The position can be challenging and stressful, but also rewarding. Being a successful CFO involves taking risks, strategizing, analyzing data, managing people, and mastering industry technology. This article will explore how to become a CFO by highlighting some of the education requirements, necessary skills, duties and responsibilities, and potential salary along with the benefits of the profession.
While aspiring CFOs can choose various paths toward a leadership role, many opt to pursue an advanced degree because of the advantages it provides. Most schools require candidates to have a bachelor’s degree in business or accounting prior to applying for a master’s program. Earning a CPA license can further prepare students for a future CFO position.
Master’s students have options regarding majors, but earning a master’s in accountancy (MAcc) provides students with the skills to be successful in any accounting career, be it in the corporate, private, or government sector.
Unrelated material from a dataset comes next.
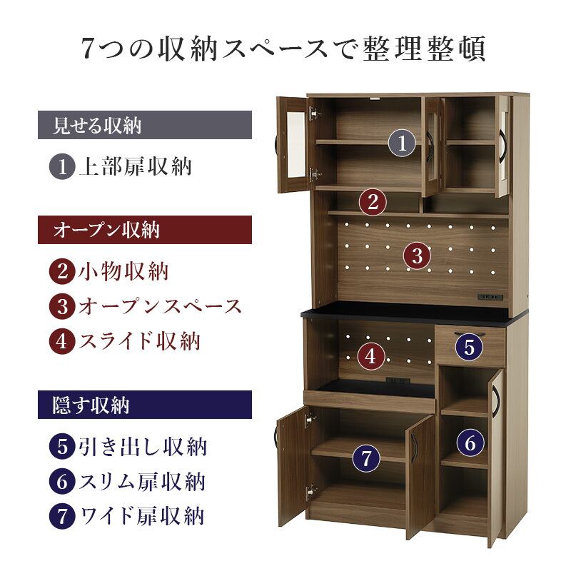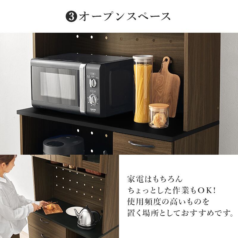 【3月下旬販売開始】キッチン収納 Aタイプ RCC-1421 幅89cm 食器棚 キッチンボード レンジ台 ハイタイプ 家電収納 可動棚 2口コンセント付き 2ヶ所 転倒防止ひも付き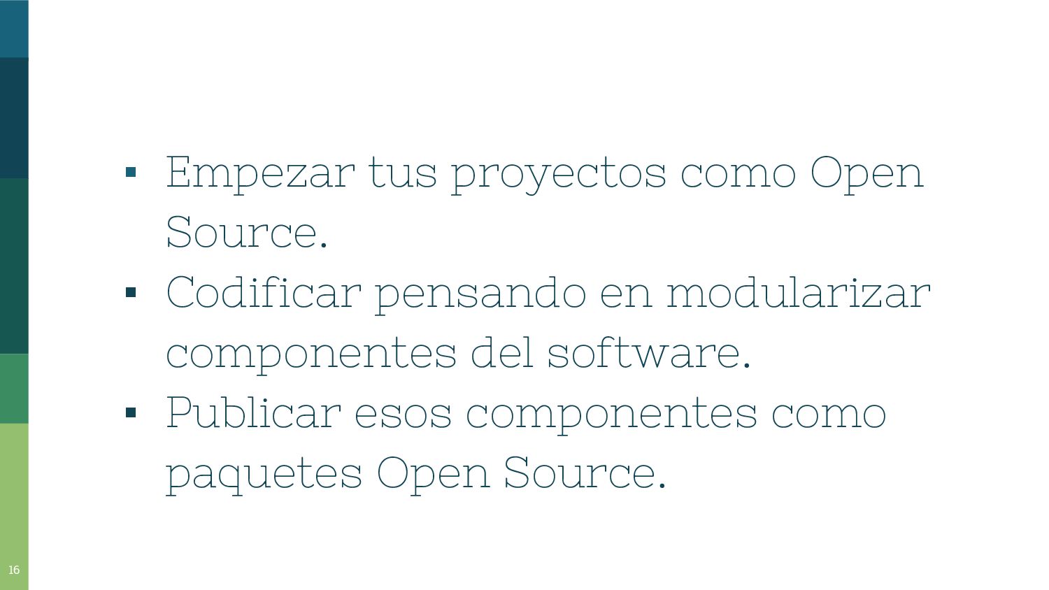 He hablado sobre el software libre y open source.He hablado de sus diferencias. Además he dado pautas para que una persona pueda dar su primer paso en su primera contribución al mundo del open source. Finalizando, he explicado mi experiencia como desarrollador Open Source en Opencraft

A master’s degree allows professionals to advance their strategic planning, analytic, critical thinking, and leadership skills.
Searching for the right master’s program can feel overwhelming. Performing due diligence before choosing is important, as not all programs are created equal. Of all MAcc programs in the U.S., less than 1 percent are from colleges that hold both the business and accounting accreditations from the Association to Advance Collegiate Schools of Business (AACSB). Schools that hold AACSB accreditation exhibit the highest standard of achievement and quality education.
Skills, duties, and responsibilities
CFOs fill important roles in a company and are responsible for many aspects of its organization and performance. They control their organization’s cash flow, maintaining the integrity of funds, securities, and other valuable documents. They also establish policies and procedures for credit, collections, bill payments, and other financial obligations.
The International Federation of Accountants recommends all CFOs to possess and focus on improving the following skills:
- Effective leadership of finance groups
- Stewardship of business relationships
- Professional demeanor
CFOs must also understand and manage all of a company’s liabilities, such as contracts, insurance, leases, and other types of covenants. They handle records retention, real estate transactions, and audits. Another major role for CFOs is ensuring a company complies with regulations, such as generally accepted accounting practices (GAAP) and the IRS tax code.
An organization’s CFO is responsible for company performance and must create and maintain a business model that provides measurable customer value. CFOs use financial statements and balance sheets to analyze and communicate the company’s expected and actual financial performance. They’re also part of the team that raises capital by establishing and executing programs that assure the company’s long-term health.
Depending on the company’s size, the CFO could be the head of several departments, including accounting, finance, human resources, and even IT. In a larger company, the CFO might only supervise the accounting and finance departments. Either way, the CFO leads and supports the organization’s financial functions, from top to bottom.
Salary and benefits
With all the responsibility CFOs take on, it’s no wonder they’re well compensated. The U.S. Bureau of Labor Statistics reports that in 2017 the median salary for CFOs (also called financial managers) was $125,080. The job outlook is also bright for CFOs, with the role expected to grow by 19 percent between 2016 and 2026. This growth rate is much faster than average, according to the BLS.
CFOs are also often offered stock options as a benefit and alternative form of compensation. This means that, depending on how many shares they own, their income is based on the company’s profits. This benefit assures the company that the CFO will try to make the company as profitable as possible while also allowing the CFO to benefit from his or her performance. CFOs are typically offered options of between 1 and 3 percent of the total company shares, according to Business Insider.
A chief financial officer has an important role to play in an organization. Becoming a CFO is a challenge, but the rewards, both personal and financial, are often worth the hard work and education.